Inhibition of formyl peptide receptor 1 reduces the efficacy of anticancer chemotherapy against carcinogen-induced breast cancer

Figures & data

Figure 1. Characteristics of the breast cancer model used in this study. Breast cancers were induced in young (7-weeks-old) female BALB/c mice by implantation of medroxyprogesterone acetate (MPA)-releasing pellets followed by gavage with the DNA damaging agent 7,12-Dimethylbenz[a]anthracene (DMBA) for the following 6 weeks. The overall scheme of the experiment is shown in (A). Note that the interval between the last DMBA injection and the manifestation of palpable breast cancer lesions is rather variable. This interval is demonstrated for each mouse that was subsequently randomized for assignment to different treatment groups, as shown in (B). PBS, phosphate buffered saline; CsH, cyclosporine H; CTX, cyclophosphamide; MTX, mitoxantrone.

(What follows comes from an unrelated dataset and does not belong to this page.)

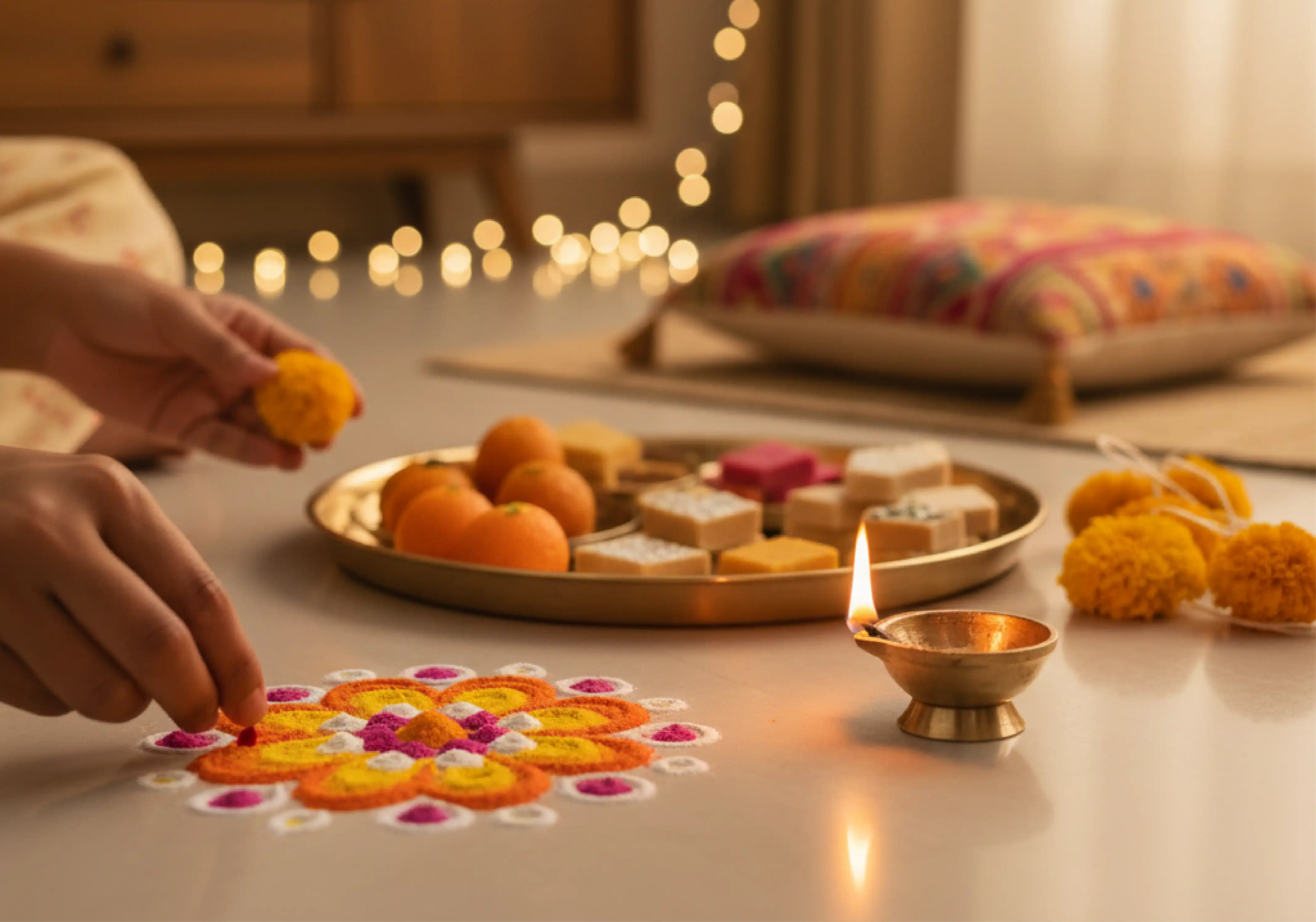 The diya corner. The rangoli space. The sweet station. The twilight balcony. These are not just decor moments. They’re living rituals, ready to be passed on.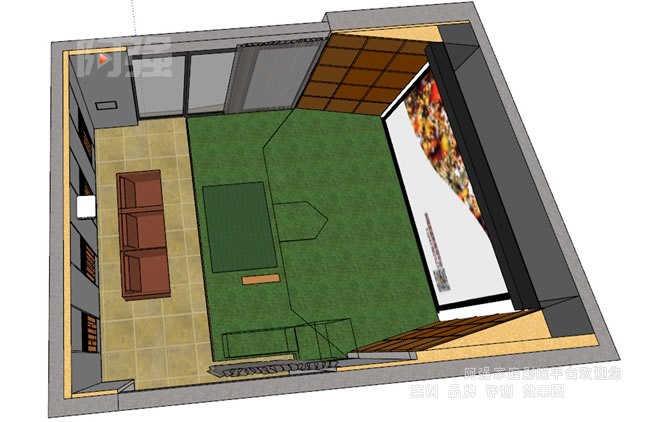 •功能區劃分采用“三區一線”布局:擊球區:鋪設專業高爾夫地墊(3m×2m),周邊保留1米安全緩沖帶投影區:投影儀安裝于天花板。觀賽區:沙發與屏幕呈120°夾角,距離為屏幕高度的1.5倍以上

Figure 2. Effects of cyclosporin H on the efficacy of anticancer chemotherapy in a mouse model of breast cancers. (A) Immunocompetent BALB/c wild type (WT) mice bearing palpable hormone-induced mammary cancers received i.p. 5.17 mg/kg mitoxantrone (MTX) and 50 mg/kg cyclophosphamide (CTX) together with 30 mg/kg cyclosporin H (CsH) or an equivalent volume of phosphate buffered saline (PBS) and tumor growth was routinely assessed. Mice were treated when the tumor surface reached 25–35 mm² (day 0) and tumor growth was routinely assessed starting from the apparition of each tumor. Results from one representative experiment out of two independent ones involving at least four mice/group and yielding similar results are illustrated. Data are represented as means ± SEM over time. **p < 0.01, ***p < 0.001 (Wald test), as compared to PBS-treated tumors; ^###p < 0.05 (Wald test), as compared to MTX + CTX + CsH-treated tumors. Kaplan–Meier survival curves are shown in (B). n.s., non-significant, ***p < 0.001 (Log-Rank), as compared to PBS-treated tumors; ^##p < 0.01 (Log-Rank), as compared to MTX + CTX+ CsH-treated tumors.